One Year on the Job for EPA Administrator Scott Pruitt

Former Oklahoma Attorney General Scott Pruitt observed his first year as EPA Administrator over the weekend.  It was a year ago Saturday when he took over the job in the Donald Trump presidency.

As Politico’s Morning Energy Report indicated, it wasn’t necessarily a happy occasion.

HARSH WORDS MARK END OF YEAR ONE: Saturday marks one year for Scott Pruitt at the helm of EPA – and it’s certainly been a year rocked by turbulence. When the former Oklahoma attorney general stepped into the agency, many predicted the rollback of Obama-era regulations and the pullback in environmental policing. But it’s the controversy over first-class travel that will ring in the anniversary for the administrator – which has even generated calls from fellow Republican supporters who think he should probably stick to flying coach.

But on Thursday, one EPA career official defended Puitt in an interview with Pro’s Alex Guillén, attesting to the extremely toxic nature of the vitriol Pruitt faces when traveling. As an example, Henry Barnet, director of the Office of Criminal Enforcement that houses Pruitt’s 24/7 protective detail, recounted an incident from October at the Atlanta airport when an individual approached Pruitt with his cell phone recording, yelling at him “Scott Pruitt, you’re f—ing up the environment.”
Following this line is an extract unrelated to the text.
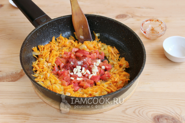 Затем добавим очищенный от шкурки и нарезанный кубиком помидор, томатную пасту, сахар и чеснок. Перемешаем и обжарим все вместе еще минуту.

“The team leader felt that he was being placed in a situation where he was unsafe on the flight,” said Barnet, a longtime law enforcement official who joined EPA in 2011. “We felt that based on the recommendation from the team leader, the special agent in charge, that it would be better suited to have him in business or first class, away from close proximity from those individuals who were approaching him and being extremely rude, using profanities and potential for altercations and so forth.”

Barnet acknowledged Pruitt is frequently recognized in public – a lesser occurrence for some of his lower-profile predecessors. But former administrators Gina McCarthy and Christine Todd Whitman both had tense encounters with the public, and neither had the level of security that Pruitt maintains. Pruitt’s security detail now performs a new threat assessment every 90 days “because the threats are so prevalent” to make sure procedures and tactics are up to date, Barnet said.